Prosecutors alleged that the organization planned a bombing campaign and series of attacks aimed at assassinating prominent writers, journalists and Kurdish dissidents. The 2007 assassination of Armenian journalist Hrant Dink, the murder of two Italian priests, and three Protestant missionaries have already been sourced to Ergenekon. By the time the conspirators were run to ground the next phase of the plot was in motion: a wave of strategic violence meant to sow chaos and terror.

Cold War Origins

Turks who experienced first hand rightist attacks and massacres during the 1970s are well-aware such brutal assaults, in concert with Turkish army crackdowns aided and abetted by CIA "technical assistance," often paved the way for military takeovers such as those in 1971 and 1980.

Yet most Americans are oblivious to the fact that the origins of Turkey's deep state have their roots in U.S. Cold War policies. Once the Third Reich was crushed, the victorious allies "rehabilitated" extreme nationalists, racists and outright Nazis for use as intelligence assets and ideological shock troops for America's shadow war against the Soviet Union. The forerunners of Turkey's violence-prone rightist gangs and murder squads can be situated, precisely, within the milieu of Operation Gladio, a European-wide network of CIA-trained paramilitary groups licensed to block the left, at whatever cost, from coming to power.

In Turkey, CIA-trained militants known as "counter-guerrillas" were drawn almost exclusively from a viper's nest of ultranationalist political parties, most notably the National Action Party (MHP) of Alpaslan Turkes, an admirer of Adolph Hitler.
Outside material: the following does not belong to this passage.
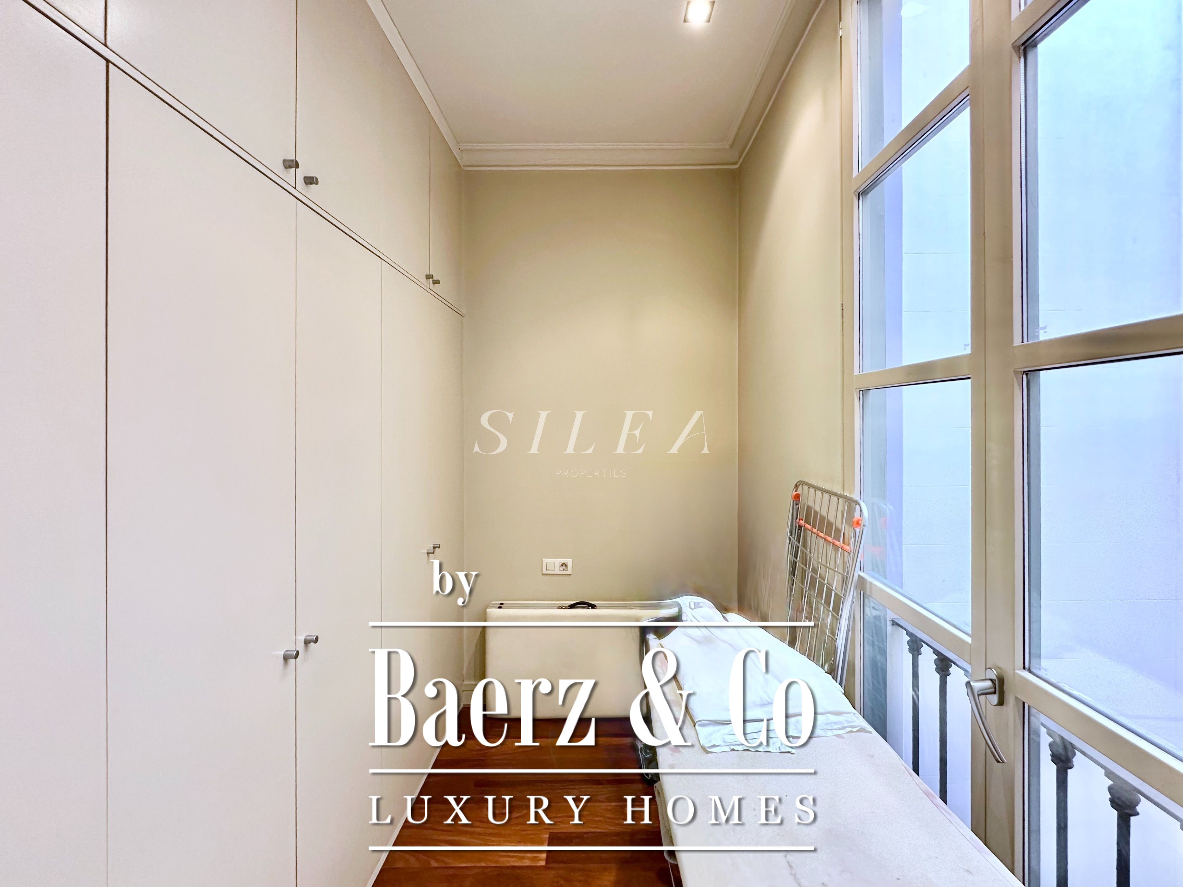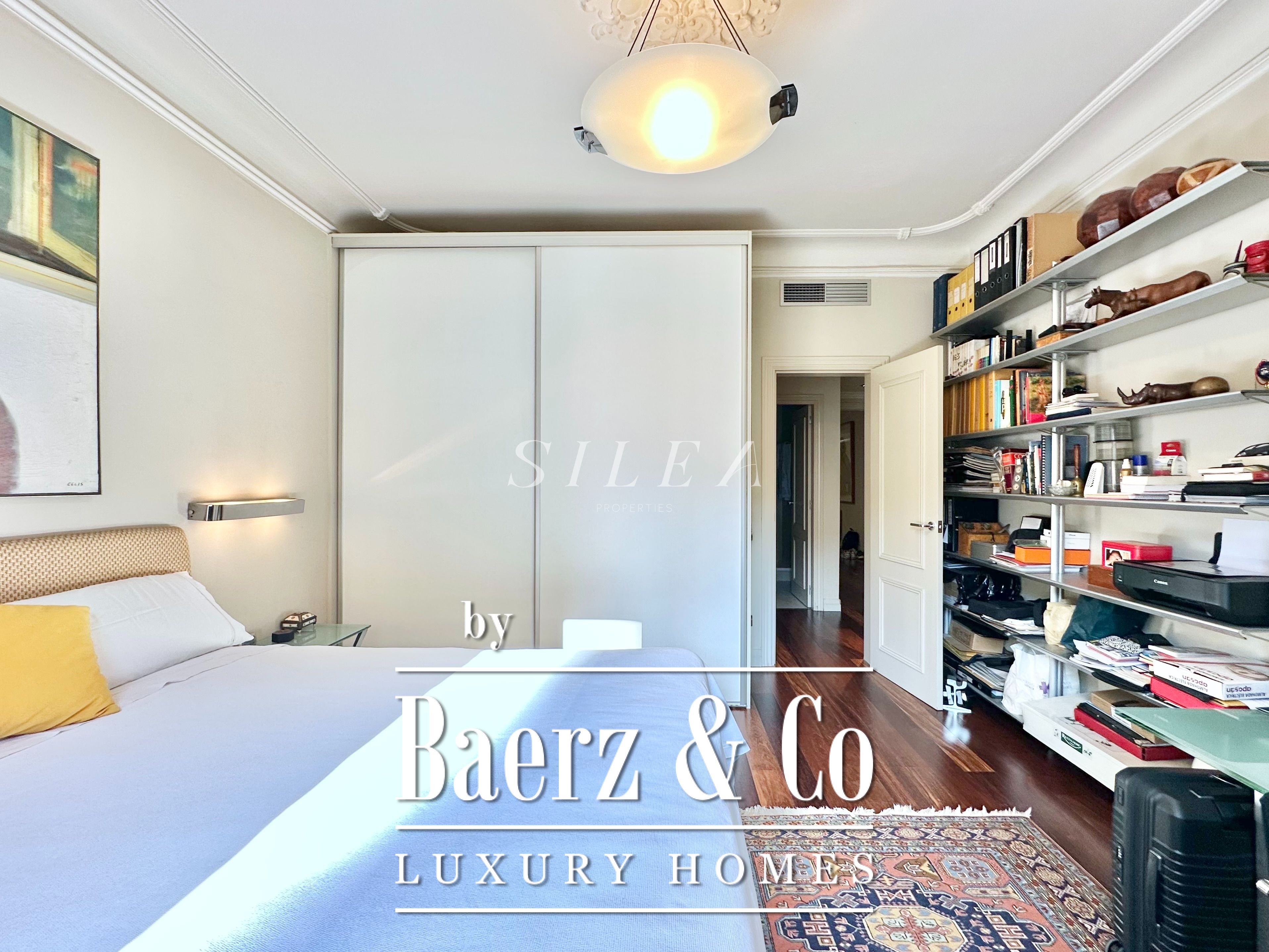 Met een totaaloppervlak van 258 m² en 228 m² aan bruikbare woonruimte, maakt het appartement indruk door de ruime opzet en prettige indeling. Hoge plafonds en grote ramen laten overvloedig daglicht binnen, terwijl originele parketvloeren en elegante verhoudingen zorgen voor een ingetogen gevoel van grandeur en rust. Twee royale woonkamers bieden ruimte voor stijlvol entertainen of juist voor een rustige terugtrekking, waarvan één met een Frans balkon dat uitzicht biedt op de statige gevels van het Eixample.
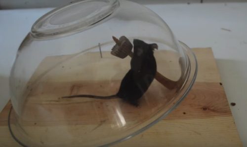 Untuk menjebak tikus ke dalam mangkuk tersebut, tentu Anda harus menusukan makanan kesukaan tikus ke tongkat kecil yang menopang mangkuk (lihat gambar di bawah ini).

Viewed by Washington as a bulwark against the "communist menace," Turkes' MHP and the Grey Wolves formed the core of NATO's "stay behind" army.

Repression-Fueled Drug Trade

The Turkish military has been a veritable cash cow for U.S. multinational defense firms. According to the Federation of American Scientists arms sales to the Turkish Republic have amounted to more than $10 billion dollars.

While sums like this buy a lot of "juice" in Washington, the Pentagon's substantial aid for Turkey's murderous generals has meant that the amelioration of desperate economic and social conditions borne by Turkish working people is gridlocked, though it significantly contributed to the growth of the international narcotics trade.
As Peter Dale Scott notes,
Within the US governmental bureaucracy itself, intelligence agencies and special warfare elements have recurringly exploited, trained and even protected drug traffickers and their corrupt political allies to facilitate these [Gladio] types of anti-Communist and anti-subversive operations. ("Washington and the Politics of Drugs," Variant, Issue 11, Summer 2000)

Writing in Le monde diplomatique, on the havoc these policies wrecked in Turkey, Kendal Nezan observes:

In a report published on 28 January 1997, the Turkish government's chief inspector described how, in the juridical no-man's land of Kurdish south-eastern Turkey, the army's "special war" units were not just killing with impunity, but had also become involved in protection rackets, blackmail, rape and drug trafficking. The report also describes how the Turkish government handed over the security of a huge area — around the towns of Siverek and Hilvan — to the private army of tribal chief Sedat Bucak, a member of parliament close to the former prime minister, Tansu Çiller, who thus acquired the power of life and death over the area's inhabitants.

This warlord politician was, incidentally, the sole survivor of a road accident in November 1996 near Susurluk on the road from Izmir to Istanbul. He had been travelling together with a chief of police and a well-known far-right Turkish mafia boss, Abdullah Çatli, who had been implicated in the attempted assassination of the Pope, was sought by Interpol for drug trafficking, and was wanted by the Turkish state for the murder of seven left-wing militants. ("Turkey's Pivotal Role in the International Drug Trade," Le monde diplomatique, July 1998)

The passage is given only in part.